The second part of this interview features one of the most ambitious projects I have ever heard of. Kyle Boddy and Driveline Baseball have a desire to revolutionize rehabilitation by using machine learning techniques to predict and prevent player injury. Read Part 1 here.

If you have had Tommy John surgery and would like to participate in this series, feel free to email me at shawnbrody9@gmail.com, or DM me on Twitter (@ShawnBrody) to let me know.

Shawn Brody: Looking ahead to the future of Driveline, is Tommy John surgery rehab an area you’re looking to expand into?

Kyle Boddy: That’s a great question, and it comes at a great time. Yes. We actually hired a Doctor of Physical Therapy full-time. He has worked here part-time for almost a year now. He has been very involved with our programs not just on the rehab-side, but the training-side. We include physical therapy for free for all of our athletes. We think it’s most important for asymptomatic athlete. That you should be seeking physical therapy while you’re heathy, which is exactly the opposite of how it is done. We include that in our membership fees at no additional charge for our athletes, and it has been a huge gain. Dr. Terry Phillips now works for us full time, and we think that it is just a huge opportunity for us.

Now he’ll continue his work on asymptomatic, healthy pitchers, but our hope is that we will be able to open up a rehabilitation clinic inside of our complex. We would have a credible rehabilitation clinic where teams are sending their players to us. We’ve already had inquiries from MLB teams to see if certain players can rehabilitate Tommy John surgery at our facility. Currently the answer is probably not, I wouldn’t feel good about that. On a case-by-case basis, like a Troy situation, sure. But from a blanket perspective, we’re not there yet.

First of all, we can’t accept insurance. So, there is that. Teams aren’t going to pay cash. We need to figure out how to do that, and there’s a lot of logistics behind it, but I couldn’t be more excited about it. It sounds really mundane, but I get excited about the boring stuff. We just got IRB approval for a peer-reviewed study that we’re doing, and that stuff is exciting. I really like it. It’s bureaucratic, and it’s ridiculous, but I think it’s the way to go. We have to do it to change people’s lives.

Driveline Baseball

So, the short answer is, yeah. We hope that we can open something within the next year. I’m optimistic and aggressive in thinking we can do it much sooner than that but, at the end of the day, if we open up a rehabilitation clinic by June 1st, 2018, I’ll feel good about that. I’d like to do it a lot sooner, but I think that’s a decent target date.

SB: A lot of the time you hear people think coming back from Tommy John surgery comes with an automatic gain in velocity, but studies show that pitchers, on average, lose velocity.
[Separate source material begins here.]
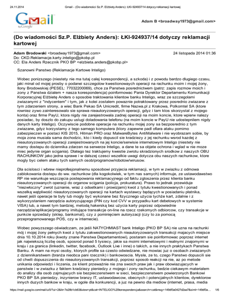 24.11.2014 Gmail - (Do wiadomości Sz.P. Elżbiety Anders): ŁKI-924937/14 dotyczy reklamacji kartowej Adam B <[email protected]> (Do wiadomości Sz.P. Elżbiety Anders): ŁKI-924937/14 dotyczy reklamacji kartowej Adam Brodowski <[email protected]> Do: [email protected] CC: Ela Anders Rzecznik PKO BP <[email protected]> 24 listopada 2014 01:36 Szanowni Panstwo (Reklamacje Kartowe Inteligo) Wobec ponizszego (niestety nie ma tutaj calej korespondencji, a szkoda) i z powodu bardzo dlugiego czasu, jaki minal od mojej prosby o podanei szczegolow kwestionowaych operacji na rachunku moim i mojej żony, Ilony Brodowskiej (PESEL: 77032200069), chce za Panstwa posrednictwem (patrz: zapis rozmow moich i zony z Panstwa dzialem + nasza korespondencja) poinformowac Pania Dyrektor Departamentu Komunikacji Korporacyjnej Elżbietę Anders o sposobie traktowania klientow banku Inteligo, wraz ze szczegolami zwiazanymi z "indycentem" i tym, jak z kolei zostalem powaznie potraktowany przez posrednio zwiazane z tym zdarzeniem strony, a wiec Bank Pekao SA Unicredit, firme Nazwa.pl z Krakowa, Polkomtel SA (ktore rowniez zywo zainteresowalo sie sprawa nieautoryzowanych operacji, gdyz i tam ktos skorzystal z mojego konta) oraz firme PayU, ktora nigdy nie zarejestrowala zadnej operacji na moim koncie, ktore wpierw nalezy posiadac, by doszlo do zakupu uslugi doladowania telefonu (na moim koncie w PayU nie udostepnilem nigdy danych karty Inteligo). Oczywiscie podobne operacje na rachunku mojej zony sa bezposrednio z tym zwiazane, gdyz korzystamy z tego samego komputera (ktory zapewne padl ofiara ataku pomimo zabezpieczen w postaci KIS 2015, Hitman PRO oraz MalwareBytes AntiMalware i nie wyobrazam sobie, by moja zona musiala sama dochodzic, kto i kiedy dopuscil sie kradziezy z jej rachunku wsrod kazdej z nieautoryzowanych operacji zarejestrowanych na jej koncie/serwisie internetowym Inteligo (niestety nie mamy dostepu do dziennika zdarzen na serwerze Inteligo, a dane te sa objete ochrona i wglad w nie moze miec jedynie organ scigania). Dlatego tez traktujemy kwestie zwrotu skradzionych srodkow z naszych OBU RACHUNKOW jako jedna sprawe i w dalszej czesci wszelkie uwagi dotycza obu naszych rachunkow, ktore mogly byc celem ataku tych samych osob/programow/robotow/wirusow. Dla scislosci i wbrew nieprofesjonalnemu sposobowi przyjecia reklamacji, w tym w zwiazku z odmowa zablokowania dostepu do ww. rachunkow (dla kogokolwiek, w tym nas samych) informuje, ze ustawodawstwo RP nie warunkuje wszczęcia postepowania reklamacyjnego od faktu zgloszenia przez klienta banku nieautoryzowanych operacji do organow scigania (policja, prokuratura). Prawo to jednak przewiduje "niezwłoczny" zwrot (uznanie, wraz z odsetkami i prowizjami) kwot z tytułu kwestionowanych i ponad wszelką wątpliwość nieautoryzowanych operacji na kartach wystawcy będących w posiadaniu płatnika, nawet jeśli operacje te były lub mogły być wykonane bez fizycznego użycia tychże kart, zdalnie i z wykorzystaniem narzędzia autoryzującego (PIN czy kod CVV w przypadku kart debetowych w systemie VISA) lub, a nawet tym bardziej, metodą hakerską bez użycia karty poprzez odpowiednie narzędzia/aplikacje/programy imitujące transakcje on-line na rzecz rzekomych odbiorcow, czy transakcje w punkcie sprzedaży (sklep, bankomat), czy z pominięciem autoryzacji (czy to za pomocą przeprogramowanego POS, czy w internecie). Wobec powyzszego oświadczam, ze jeśli NATYCHMIAST bank Inteligo (PKO BP SA) nie uzna na rachunki mój i mojej żony pełnych kwot z tytułu zakwestionowanych nieautoryzowanych transakcji majacych miejsce dnia 10.10.2014 roku (kwoty znane Panstwa Departamentowi), postaram sie poinformowac poprzez internet jak najwiekszą liczbę osob, sposrod ponad 5 tysiecy, jakie sa moimi internetowymi i realnymi znajomymi w kraju i za granica (linkedin, twitter, facebook, Outlook Live i inne) o takich, a nie innych praktykach Panstwa Banku. A mam na mysi osoby, ktorych profile sa czesto odwiedzane, nie mowiac juz o osobach zwiazanych z dziennikarstwem (branża nieobca pani rzecznik) i bankowoscia. Mysle, ze to, czego Panstwo dopuscili sie od chwili dopuszczenia do nieautoryzowanych transakcji, poprzez sposob reakcji na nie, az po metode unikania odpowiedzi i liczenia, ze klient przeważnie nie zna swoich praw jak i praw obowiazujacych w panstwie i w zwiazku z faktem kradziezy pieniedzy z mojego i zony rachunku, bedzie ciekawym materialem do analizy dla osob zajmujacych sie bezpieczenstwem w sieci, bezpieczenstwem powierzonych Bankowi PKO BP SA pieniedzy, inzynierow branzy IT, ustawodawcow, obecnych i potencjalnych klientow, dyrektorow innych duzych bankow w kraju, w ogole dla konkurencji, a juz na pewno dla mediow (internet, prasa, media https://mail.google.com/mail/u/0/?ui=2&ik=7e28b1cb63&view=pt&cat=INTELIGO%20korespondencja&search=cat&msg=149df3a0427d2aa7&siml=149df3a… 1/6 24.11.2014 Gmail - (Do wiadomości Sz.P. Elżbiety Anders): ŁKI-924937/14 dotyczy reklamacji kartowej neizalezne), ktore nie przepuszcza mozliwosci skomentowania dzialan najwiekszego banku w Polsce. A bank ten, wedlug mnie (czym podzielilem sie jakis czas temu z biurem Rzecznika Praw Konsumenta) naruszyl kilka, jeśli nie kilkanaście, przepisów lub zasad ustanowionych przez Ustawę o Usługach Płatniczych, Kodeks Cywilny oraz swoje wewnętrzne regulaminy (co jest najciekawsze w tym wszystkim). Częśc zaś zapisów w tychże regulaminach/regulaminie zawiera co najmniej 1 klauzule abuzywna wykazana przez Sad Okregowy w Warszawie - SOKiK w przypadku innego banku w naszym kraju, na ktorym ciazy jego prawomocny wyrok. Zapist zaś w Panstwa "Ogolnych Warunkach Prowadzenia Rachunkow (...)" jest kopią tamtego zapisu, słowo w słowo i co do przecinka. Zważywszy 8-letnią karierę pani Elżbiety w UOKiK i to, czym się zajmowała, dziwi obecny fakt odpowiadania własną twarzą za instytucję, która jawnie działa na niekorzyść klienta zbiorowego. Czy mozliwe to jest, by rzecznik pr

Do you think that the training plan Driveline develops could help combat that?

KB: Yeah, because what we do here is not performance enhancement. It’s not rehab, velocity development, or strength building. It’s all the same thing. I don’t care where you are. Everyone has individual needs depending on where they’re at. It’s all the same thing. It’s all player development. It’s all the same up-slope. There’s no reason that it should be separate.

This is what I told the Mariners in here. One of their front office people, he is still pitching in Triple-A and pitched in the big leagues. But he’s suffering a labrum injury and is probably going to join the front office. His biggest worry is that rehab is so separate from pitching; separate from skill, and so I told him that was the problem. We visited a company called ALTIS down in Phoenix, they train some of the best sprinters in the world — primarily the US. They have a ton of the best men and women sprinters there, but they dominate with women’s sprinters. They crush the Olympics.

So, I wondered what I could learn from a place that trains athletes far better than baseball athletes. One of the head guys, Stuart McMillan, asked about our rehab model. I told him we have a Doctor of Physical Therapy, manual therapist, and an orthopedic surgeon on the board of advisors. He said that’s good, but asked how we integrate it. I said when guys get hurt, and they see Terry.

“That’s not it,” [McMillan said], “the loop is too large. When we take our Olympic caliber athletes to the track we bring the manual/physical therapists with us, and they deploy their massage tables on the track.”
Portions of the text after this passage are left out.